Ms. Goldsmith-Jones’s announcement is part of Canada’s Middle East strategy, which is a $2.1-billion commitment toward security, stabilization and humanitarian assistance in the region over the course of three years.

The funding comes just one day after the United Nations High Commission for Refugees (UNHCR) made a plea for sustained support for Syrians and the region, warning that the Syrian crisis is not over and is about to enter its ninth year.

The urgent needs inside Syria are at “record levels,” according to the UN refugee body, which said 11.7 million people inside Syria are in need, with 6.2 million Syrians internally displaced and with more than two million children out of school. The conflict has caused the largest refugee crisis in the world, said the UNHCR, with over 5.6 million Syrian refugees and almost four million living in neighbouring countries.

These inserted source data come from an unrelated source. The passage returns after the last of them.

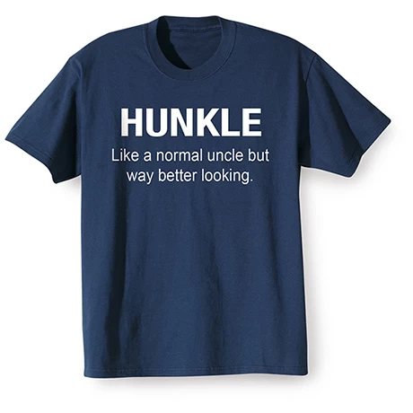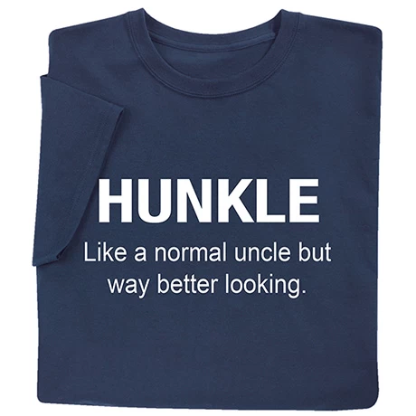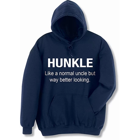Flatter that favorite uncle with this fun shirt. Navy sweatshirt is 50/50 cotton blend, T-shirt is preshrunk 100% cotton. Sizes S-3XL. Imported.
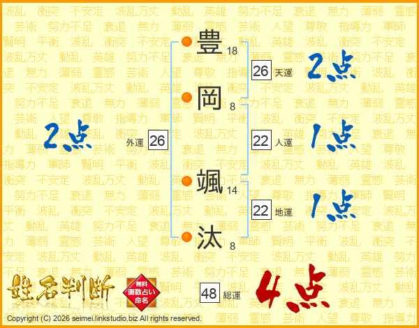 豊岡颯汰さんの天運は26画の2点!
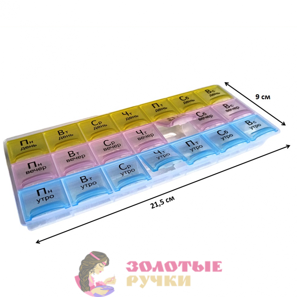 Органайзер для таблеток , цвет: микс , 21 ячейка
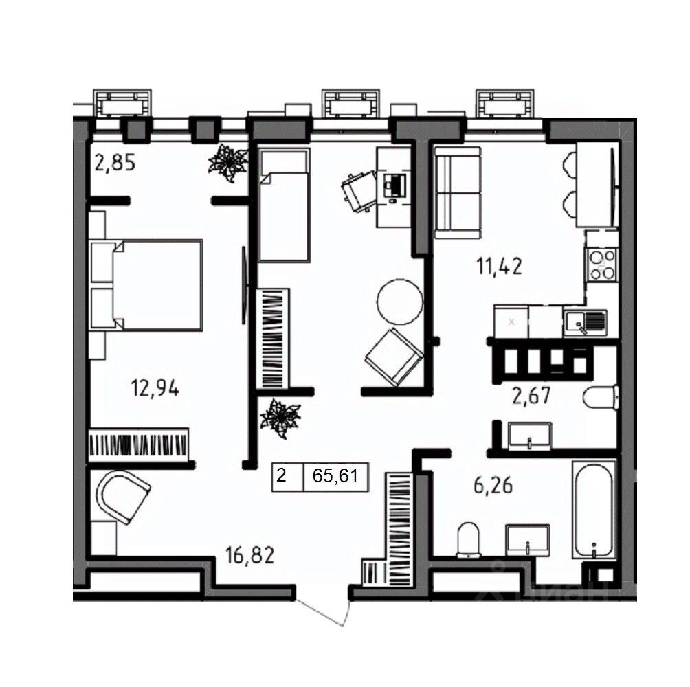 Общая площадь65,61 м²
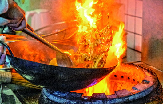 4月2日,在武汉市江岸区武汉天地商业街一饭店,厨师在后厨做菜。 新华社记者才扬摄
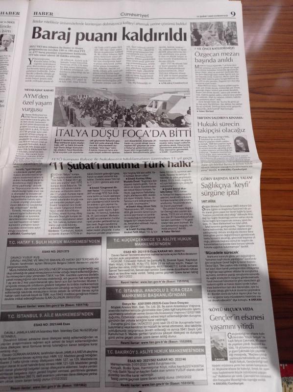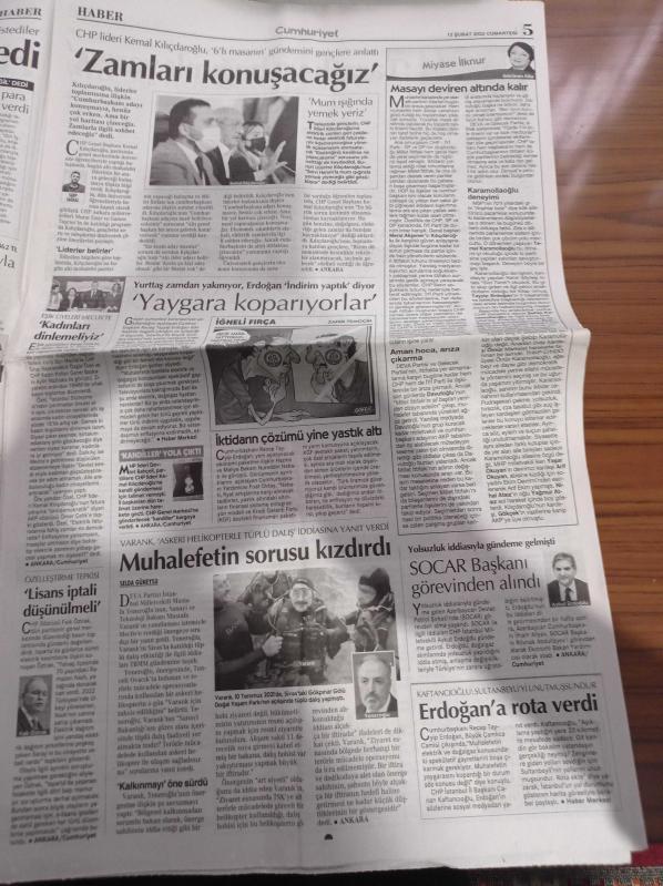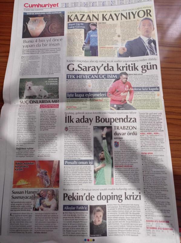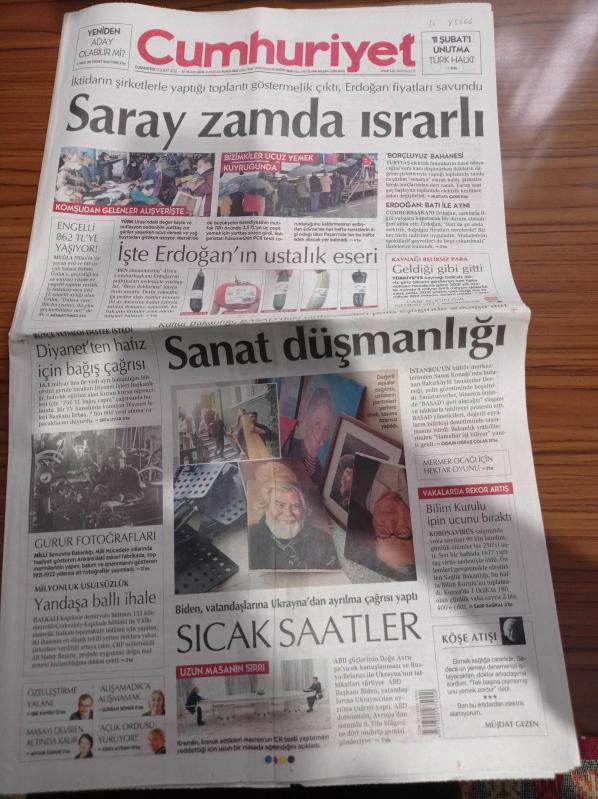 Cumhuriyet Gazetesi - 12 Şubat 2022 - Fenerbahçe'de Başkan Ali Koç'a Tepkiler Artıyor - Pekin'de Doping Krizi - Saray Zamda Israrlı - Diyanetten Hafız İçin Bağış Çağrısı - Koronavirüs Vakalarında Rekor Artış - Kültür Bakanlığı BASAD'daki Tarihi Eserleri Polis Eşliğinde Sokağa Attı - Tarık Akan - Recep Tayyip Erdoğan adlı eser Türkçe dilindedir.

The UN appealed to the international community for US$3.3-billion for the response inside Syria and US$5.5-billion to support refugees in neighbouring countries.

Global Affairs Canada said Canada will provide $50.35-million to United Nations agencies such as the World Food Programme and the United Nations Population Fund, as well as the International Committee of the Red Cross, in response to the urgent needs of those impacted by the crisis in Syria, Lebanon, Jordan and Iraq.

The money will be used to help people affected by the Syrian crisis with basic needs, food, protection and health services, water, sanitation and hygiene. The money will also be used to help women and girls through protection services and sexual and reproductive health services.

Canada will give humanitarian partners in Syria $27-million, in Lebanon $12-million, groups in Jordan will receive $7.5-million and $3.785-million will go to partners in Iraq. It will also provide $65,000 in funding to the Norwegian Refugee Council in Jordan and Lebanon.